The obvious question that arises in a reader’s mind is, can there be combination of tribes that come together to solve a specific set of problems ? Indeed the tribe categorization is not a hard categorization of the algorithms. It is just meant as a starting point so that you can place the gamut of algos in separate buckets.

 

Hume’s problem of Induction

The chapter starts with a discussion of "Rationalism vs. Empiricism". The rationalist likes to plan everything in advance before making the first move. The empiricist prefers to try things and see how they turn out. There are philosophers who strongly believe in one and not in the other. From a practical standpoint, there have been productive contributions to our world from both the camps. David Hume is considered to be one of the greatest empiricist of all time. In the context of Machine Learning, one of his questions has hung like a sword of Damocles over all the knowledge, which is,

How can we ever be justified in generalizing from what we’ve seen to what we haven’t?

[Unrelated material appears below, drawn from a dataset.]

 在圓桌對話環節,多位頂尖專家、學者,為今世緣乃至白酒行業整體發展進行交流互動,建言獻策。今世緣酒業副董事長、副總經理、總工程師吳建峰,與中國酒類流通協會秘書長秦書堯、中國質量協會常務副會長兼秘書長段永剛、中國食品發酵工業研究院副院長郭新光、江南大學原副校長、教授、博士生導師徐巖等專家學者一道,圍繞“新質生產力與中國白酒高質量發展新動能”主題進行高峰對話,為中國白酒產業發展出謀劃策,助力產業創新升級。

The author uses a simple example where you have to decide to ask someone out for a date or not. The dataset used in the example illustrates Hume’s problem of induction, i.e. there is no reason to pick one generalization over another. So, a safe way out of the problem, at least to begin with, is to assume that future will be like the past. Is this enough ? Not really. In the ML context, the real problem is : How to generalize to cases that we haven’t seen before. One might think that by amassing huge datasets, you can solve this problem. However once you do the math, you realize that you will run out of data that covers all the cases needed to carry the inductive argument safely. Each new data point is most likely unique and you have no choice but to generalize. According to Hume, there is no way to do it

If this all sounds a bit abstract, suppose you’re a major e-mail provider, and you need to label each incoming e-mail as spam or not spam. You may have a database of a trillion past e-mails, each already labeled as spam or not, but that won’t save you, since the chances that every new e-mail will be an exact copy of a previous one are just about zero. You have no choice but to try to figure out at a more general level what distinguishes spam from non-spam. And, according to Hume, there’s no way to do that.

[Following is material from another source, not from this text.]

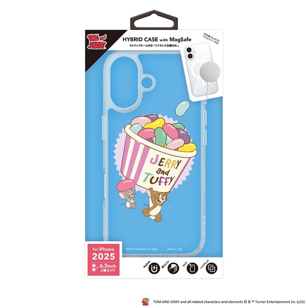 「トムとジェリー」デザインの各種MagSafeアクセサリーに対応したハイブリッドケースです。MagSafeアクセサリーをピタッと簡単装着。背面は衝撃に強いポリカーボネイト・側面は手に馴染みやすいTPUを組み合わせたハイブリッド設計で端末本体をしっかり保護します。お手持ちのストラップを付けて落下を防止できるストラップホール付き。

The "no free lunch" theorem : If you have been reading some general articles in the media on ML and big data, it is likely that you would have come across a view on the following lines:

With enough data, ML can churn out the best learning algo. You don’t have to have strong priors, the fact that you have large data is going to give you all the power to understand and model the world.

The author introduces David Wolpert’s "no free lunch" theorem that a limit on how good a learning algorithm can be. The theorem says that no learner can be better than random guessing. Are you surprised by this theorem ? Here is how one can reconcile to it,

Pick your favorite learner. For every world where it does better than random guessing, I, the devil’s advocate, will deviously construct one where it does worse by the same amount. All I have to do is flip the labels of all unseen instances. Since the labels of the observed ones agree, there’s no way your learner can distinguish between the world and the antiworld. On average over the two, it’s as good as random guessing. And therefore, on average over all possible worlds, pairing each world with its antiworld, your learner is equivalent to flipping coins.

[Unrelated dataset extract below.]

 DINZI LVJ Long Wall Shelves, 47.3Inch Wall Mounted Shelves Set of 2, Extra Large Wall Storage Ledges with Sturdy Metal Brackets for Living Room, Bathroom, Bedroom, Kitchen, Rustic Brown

How to escape the above the random guessing limit? Just care about the world we live in and don’t care about alternate worlds. If we know something about the world and incorporate it into our learner, it now has an advantage over random guessing. What are the implications of "free lunch theorem" in our modeling world ?

There’s no such thing as learning without knowledge. Data alone is not enough. Starting from scratch will only get you to scratch. Machine learning is a kind of knowledge pump: we can use it to extract a lot of knowledge from data, but first we have to prime the pump.

Unwritten rule of Machine learning : The author states that the principle laid out by Newton in his work, "Principia", that serves as the first unwritten rule of ML

Whatever is true of everything we’ve seen is true of everything in the universe.

Newton’s principle is only the first step, however. We still need to figure out what is true of everything we’ve seen-how to extract the regularities from the raw data. The standard solution is to assume we know the form of the truth, and the learner’s job is to flesh it out. One of the ways to think about creating a form is via "conjunctive concepts", i.e a series of statements with AND as the bridge. The problem with "conjunctive concepts" is that they are practically useless. Real world is driven by "disjunctive concepts", i.e a concept defined by a set of rules. One of the pioneers in this approach of discovering rules was Ryszard Michalski, a Polish computer scientist. After immigrating to the United States in 1970, he went on to found the symbolist school of machine learning, along with Tom Mitchell and Jaime Carbonell.

Overfitting and Underfitting : The author uses the words "blindness" and "hallucination" to describe underfitting and overfitting models. By using ton of hypothesis, you can almost certainly overfit the data. On the other hand, being sparse in your hypothesis set, you can fail to see the true patterns in the data. This classic problem is obviated by doing out-of-sample testing. Is it good enough ? Well, that’s the best that is available without going in to the muddy philosophical debates or alternative pessimistic approaches like that of Leslie Valiant(author of Probably Approximately Correct).

Induction as inverse of deduction : Symbolists work via the induction route and formulate an elaborate set of rules. Since this route is computationally intensive for large dataset, the symbolists prefer something like decision trees. Decision trees can be viewed as an answer to the question of what to do if rules of more than one concept match an instance. How do we then decide which concept the instance belongs to?

Decision trees are used in many different fields. In machine learning, they grew out of work in psychology. Earl Hunt and colleagues used them in the 1960s to model how humans acquire new concepts, and one of Hunt’s graduate students, J. Ross Quinlan, later tried using them for
chess. His original goal was to predict the outcome of king-rook versus king-knight endgames from the board positions. From those humble beginnings, decision trees have grown to be, according to surveys, the most widely used machine-learning algorithm. It’s not hard to see why: they’re easy to understand, fast to learn, and usually quite accurate without too much tweaking. Quinlan is the most prominent researcher in the symbolist school. An unflappable, down-to-earth Australian, he made decision trees the gold standard in classification by dint of relentlessly improving them year after year, and writing beautifully clear papers about them. Whatever you want to predict, there’s a good chance someone has used a decision tree for it.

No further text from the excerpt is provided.